SiardToDb is a command-line program which loads a SIARD archive into a database for research purposes.

Haut de page

Invocation

java -cp <siardpath>/lib/siardcmd.jar ch.admin.bar.siard2.cmd.SiardToDb [-h]
  [-o] [-l=<login timeout>] [-q=<query timeout>]
  -s=<siard file> -j=<JDBC URL> -u=<database user> -p=<database password>
  [<schema> <mappedschema>]*

Specify <siardpath> as the folder where SIARD Suite is installed. The file siardcmd.jar is in the lib subfolder with its class ch.admin.bar.siard2.cmd.SiardToDb, whose main() should be invoked with java (it is better to use javaw under Windows).

The call syntax is displayed if the -h (help) option is entered on the command line.

Top of page

Arguments

ArgumentMeaning
-ooverwrite types and/or tables in the database if they exist
<login timeout>timeout in seconds for login (0 for unlimited)
<query timeout>timeout in seconds for query (0 for unlimited)
<siard file>name of .siard file to be uploaded
<JDBC URL>JDBC URL of the target database
e.g.
for MS Access
jdbc:access:D:\Projekte\SIARD2\JdbcAccess\testfiles\testdb.mdb
for DB/2
jdbc:dbserver.enterag.ch:50000/testdb
for MySQL
jdbc:mysql://dbserver.enterag.ch:3306/testdb
for Oracle
jdbc:oracle:thin:@dbserver.enterag.ch:1521:orcl
for Postgres
jdbc:postgres://dbserver.enterag.ch:5432/testdb
for SQL Server
jdbc:sqlserver://dbserver.enterag.ch\testdb:1433
(in bash shell the latter must be quoted with duplicated backslash:
"jdbc:sqlserver://dbserver.enterag.ch\\testdb:1433")
<database user>database user
<database password>database password
<schema>schema name in SIARD file
<mappedschema>schema name to be used in database

Top of page

Notes

As older databases are not SQL:2008 compliant, a considerable amount of manual configuration effort is unavoidable in preparation for the upload. There are no Schema objects in MS Access. User and Schema objects are not separate in Oracle. Schemas and databases are not distinct in MySQL. Therefore target schemas must be created before upload. Also the database user must have the right to create tables and types in those schemas. Because this is not always easily possible, SIARD schemas are mapped to database schemas according to the list of schema mappings on the command line.

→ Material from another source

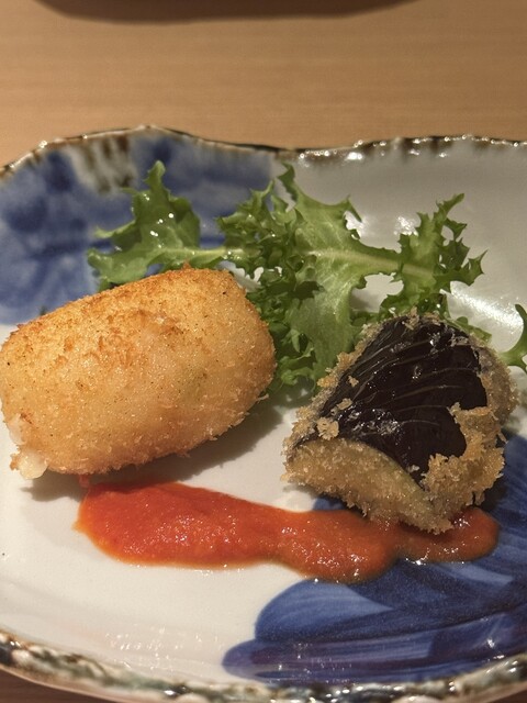 瑞々しい脚肉を薄衣で纏わせたズワイガニ天ぷら。サクッ、ふわっ、じゅわっ——三拍子の食感に藻塩をちょんとのせれば、甘味がさらに際立ちます。添えられた蓮根の穴から覗く湯気もまた愛らしい。

Uploading only creates tables and types and attempts to enable unique and foreign key constraints. No other database objects are created. If the constraints cannot be enabled a warning is issued but the upload is nevertheless considered to be successful. Even without constraints SQL SELECT queries can be issued against the database.

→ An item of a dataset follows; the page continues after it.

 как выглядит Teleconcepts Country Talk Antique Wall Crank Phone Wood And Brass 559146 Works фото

Furthermore, certain sacrifices are made. In MS Access, all tables end up in the same MDB/ACCDB. In Oracle, all names longer than 30 characters are abbreviated. To avoid collisions, table and column names are extended by a counter. (E.g. "A far too long a table name for Oracle" becomes "A far too long a table name01".)

Where the maximum precision and the maximum number of decimals (for instance MS Access) are smaller than required, the values are uploaded with less precision. SIARD helps as much as is possible in the target database system. Consulting the database meta data via SiardGui allows the correct assignment of designations and values.

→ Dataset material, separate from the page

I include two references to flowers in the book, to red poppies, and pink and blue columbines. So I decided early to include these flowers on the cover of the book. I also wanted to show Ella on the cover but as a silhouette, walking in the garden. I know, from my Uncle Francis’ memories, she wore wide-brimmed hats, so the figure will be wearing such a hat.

The conversion of TIMEs and TIMESTAMPs in the database depends on the local time zone. The UTC time 14:30 in the SIARD file is uploaded in Zurich as the local time 15:30 to the database – in winter. To suppress this conversion one must start SiardToDb with the option

-Duser.timezone=GMT

which tells SIARD to interpret all database times as UTC times.